### What is required
Locate "金先生说,微博图片拍摄时间应" in the listing. Transcribe the line that contains it and every line that follows, through the last, omitting all pictures.

### Supplied information
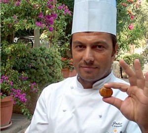 Nell’incantevole borgo del poeta Petrarca, ad Arquà, lo chef Andrea Cesarone propone abitualmente prodotti di stagione, i suoi menù sono delle proposte alimentari studiate con deliziosa sapienza e preparate con la maestria di chi conosce la tradizione e chi vuole affascinare il commensale con un po’ di innovazione. Dovevo parlare di castagne e nocciole ed ecco che ho voluto scoprire come Andrea impiegava i due frutti dell’autunno, rendendomi conto che anche lui gioca in cucina sperimentando un po’. Nella cucina di Andrea i due frutti, castagna e nocciola, sono usati con frequenza dall’antipasto al dolce, diventano ingredienti caratterizzanti di una pietanza e sono impiegati con studio attento e non con semplice disinvoltura. Non tutti sanno che la castagna può essere consumata fresca, senza esagerare però, e la sua struttura croccante può essere apprezzata bene con alcuni pesci in crudità. Certo che deve essere privata della sua pellicina e poi tagliata a fette sottili (vedi foto). Un’ idea di Andrea per un antipasto appetitoso è la millefoglie di pesce e fette sottilissime di castagne fresche, il tutto condito con ottimo olio d’oliva extravergine; del buon pane tostato non può mancare, se poi è confezionato con farina di castagne meglio ancora. Anche la nocciola Andrea l’ha impiegata con alimento crudo: si tratta di una millefoglie di filetto in crudità con nocciole sbriciolate (vedi foto). Anche qui un pane profumato con farina di nocciole è il massimo. Insomma due proposte alimentari dove sia castagne che nocciola sono i veri marcatori di gusto, in un’epoca in cui purtroppo entrambi, castagne e nocciola, sono relegati dagli chef a ruoli gastronomici marginali. In realtà, la versatilità dei due frutti deve essere intesa come la possibilità di uno chef di saperli impiegare nei diversi modi, dall’antipasto al dolce, ricordando che caratterizzano fortemente un alimento: in purea, in crema, in briciole, in pasta, sia nocciole che castagne sono eclettiche, servono per riempire un piatto per gusto e per pastosità. La castagna in crema rende di più, ecco che diventa versatile per ripieni, per salse, per farina. La nocciola, invece, per la sua struttura grassa, deve essere manipolata con cura, in pasta è fortemente caratterizzante, in granella invece esprime la sua naturale croccantezza e consigliamo sempre di impiegarla senza pellicina.
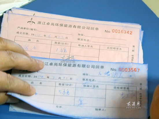 金先生说,微博图片拍摄时间应为7月21日,当天曾有能源公司员工上门回收废油,并将油桶从“员工专工”房间移到门口。金先生向执法人员出示的浙江某能源公司温州公司的一叠回单显示,7月21日,浙江某能源公司温州公司在该店回收了三桶废油。本月3日、12日,该公司也曾在该店收过废油。
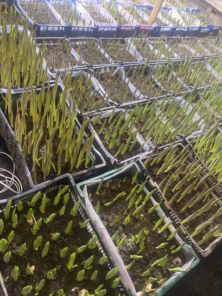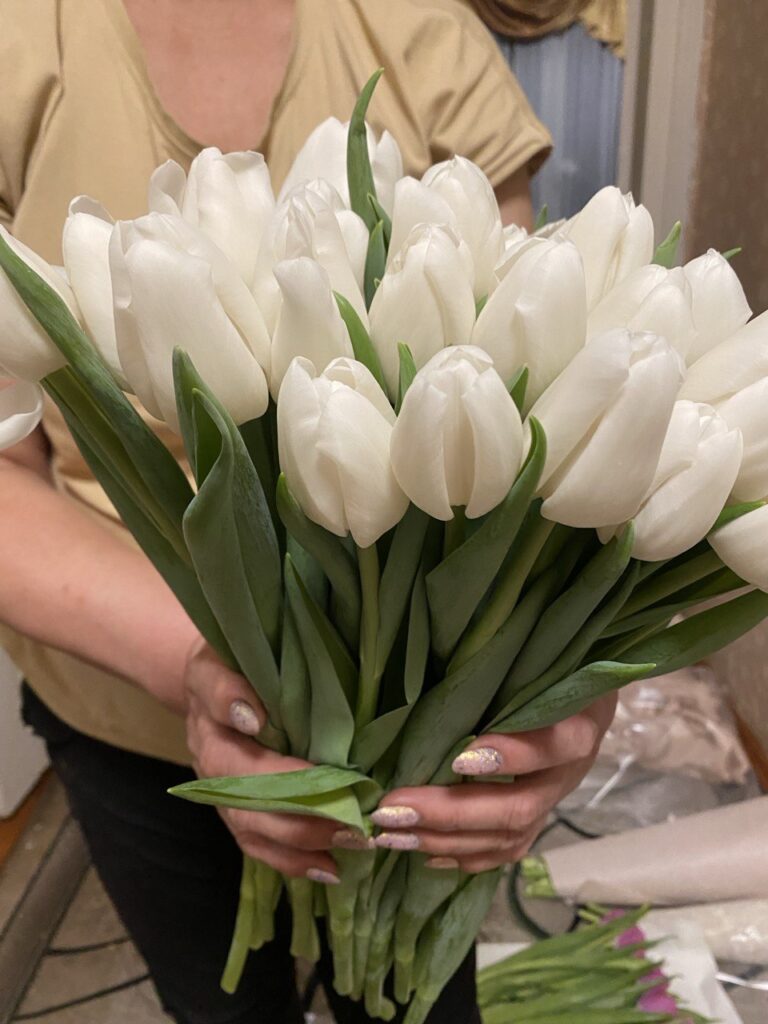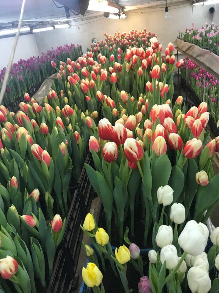 — Підготовка до сезону розпочинається ще у вересні. Тюльпани потрібно посадити в ящики та поставити у спеціальне місце до кінця січня. У лютому заносимо їх у кімнату, забезпечуємо необхідну температуру та світло, поливаємо — так вони ростуть і вже до березня починають з’являтися бутони, залежно від сортів, — розповідає Аліна Яцкова.

### Output of the task
 金先生说,微博图片拍摄时间应为7月21日,当天曾有能源公司员工上门回收废油,并将油桶从“员工专工”房间移到门口。金先生向执法人员出示的浙江某能源公司温州公司的一叠回单显示,7月21日,浙江某能源公司温州公司在该店回收了三桶废油。本月3日、12日,该公司也曾在该店收过废油。
 — Підготовка до сезону розпочинається ще у вересні. Тюльпани потрібно посадити в ящики та поставити у спеціальне місце до кінця січня. У лютому заносимо їх у кімнату, забезпечуємо необхідну температуру та світло, поливаємо — так вони ростуть і вже до березня починають з’являтися бутони, залежно від сортів, — розповідає Аліна Яцкова.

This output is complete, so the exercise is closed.